• [TASK STATEMENT]:
From the line with "This short, wide" through the line with "Con cá trê nặng", inclusive, return each line of the data below exactly and leave the rest out.

• [ENTRIES SUPPLIED]:
=== Section Start ===

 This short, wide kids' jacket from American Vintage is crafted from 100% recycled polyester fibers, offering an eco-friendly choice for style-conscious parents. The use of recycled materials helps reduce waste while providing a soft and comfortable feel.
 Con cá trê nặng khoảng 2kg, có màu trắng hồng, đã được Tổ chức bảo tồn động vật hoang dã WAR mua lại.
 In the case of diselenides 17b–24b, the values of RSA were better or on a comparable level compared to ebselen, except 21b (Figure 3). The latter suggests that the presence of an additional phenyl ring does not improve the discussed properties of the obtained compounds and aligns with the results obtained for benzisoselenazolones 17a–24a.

=== Section End ===
=== Section Start ===

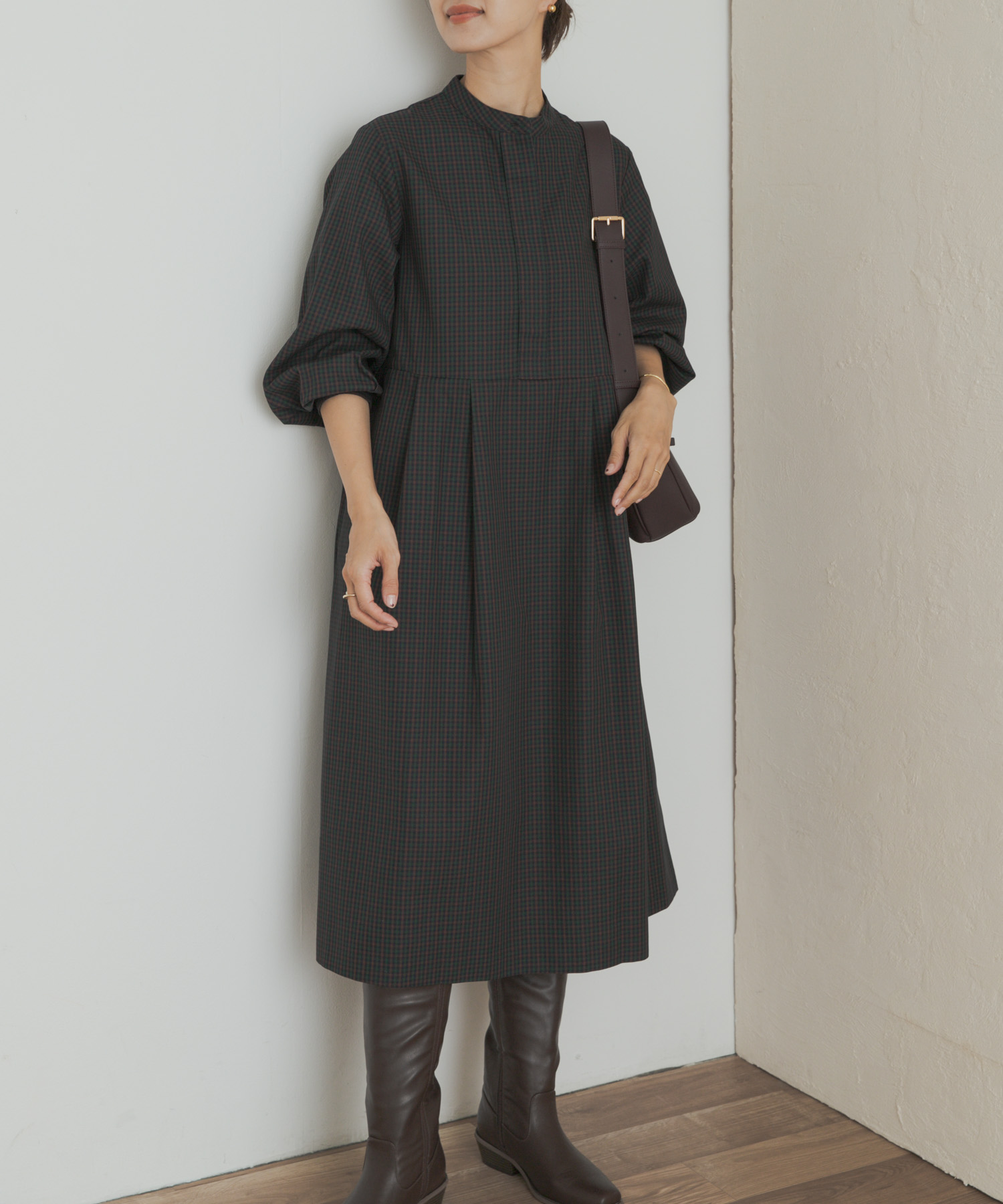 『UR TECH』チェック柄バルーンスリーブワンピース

=== Section End ===

• [RESULT FOR THIS TASK]:
 This short, wide kids' jacket from American Vintage is crafted from 100% recycled polyester fibers, offering an eco-friendly choice for style-conscious parents. The use of recycled materials helps reduce waste while providing a soft and comfortable feel.
 Con cá trê nặng khoảng 2kg, có màu trắng hồng, đã được Tổ chức bảo tồn động vật hoang dã WAR mua lại.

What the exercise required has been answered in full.